The hot rolling finishing temperature is controlled at a temperature equal to or higher than the Ar3 transformation temperature, and then the cooling is controlled to make the hot-rolled structure finer. Here, the Ar3 transformation temperature or more is preferably performed in a temperature range of 800 to 900 DEG C based on 910 DEG C, which is the hot rolling finishing temperature used in the present invention, and is preferably divided into five passes.

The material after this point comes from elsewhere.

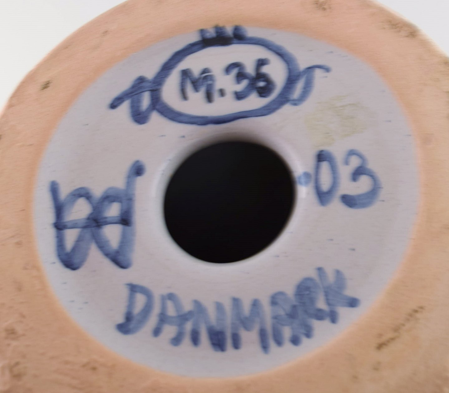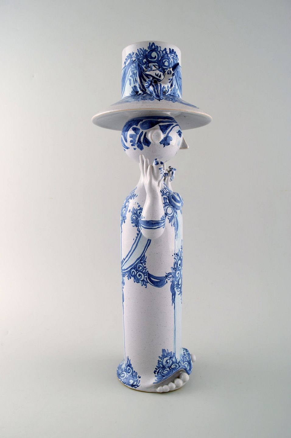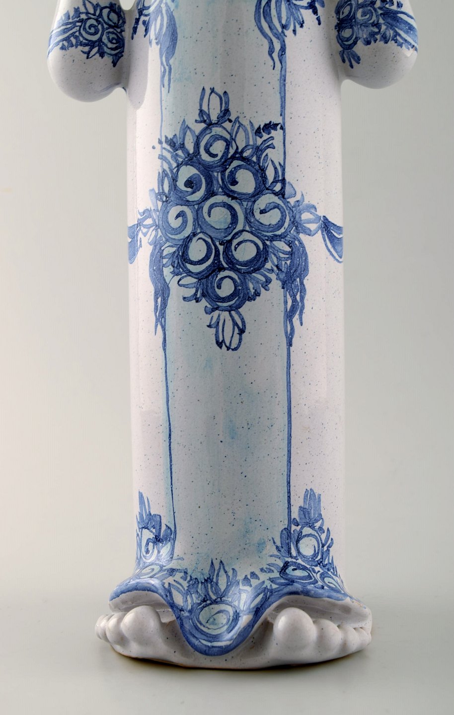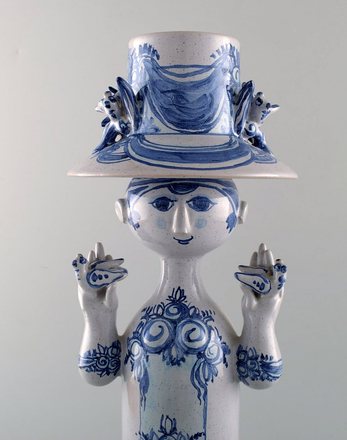 Bjørn Wiinblad ceramics, blue lady with two birds. Decoration number M35. From 2003. Height 39 cm. Diameter 15 cm. In perfect condition.

If the rolling finish temperature is low, hot rolling at a proper rolling temperature is performed to obtain a fine hot-rolled structure because the drawability due to the asymmetric development of the crystal grains decreases as hot rolling is performed in a region below austenite. After hot rolling, it is preferable to use a high-pressure descaling device or remove the scale of the surface by strong pickling.

[Winding Process]

In the present invention, the hot-rolled steel sheet is rolled at a temperature of 550 to 650 ° C. The carbide is smoothly formed in the wound state to minimize the amount of solid carbon and precipitate AlN to the maximum, thereby minimizing the formation of solid nitrogen. Such a coiling temperature is a temperature for obtaining a structure for obtaining the optimum mechanical properties after the cold rolling and recrystallization heat treatment. When the coiling temperature is less than 550 캜, cold rolling is difficult due to bainite or martensite structure. It is difficult to produce a steel sheet having sufficient strength because the microstructure is coarsened.

[Cold Rolling Process]

In the present invention, the wound hot-rolled coil is picked up again, pickled, and then cold-rolled. In this case, the cold rolling reduction rate is preferably 50 to 80%. In cold rolling, hot-rolled steel is deformed and its strain energy is energy for recrystallization. If the cold rolling reduction is less than 50%, such a deformation effect is small, and if it exceeds 80%, cold rolling is difficult. In addition, in the hot-rolled coil, the composite precipitates are decomposed during rolling, and (100) texture develops during the initial stage of recrystallization, which may deteriorate the drawability and increase the probability of plate cracking occurring at the edge of the steel sheet. Therefore, it is preferable to set the reduction rate range to 50 to 80%.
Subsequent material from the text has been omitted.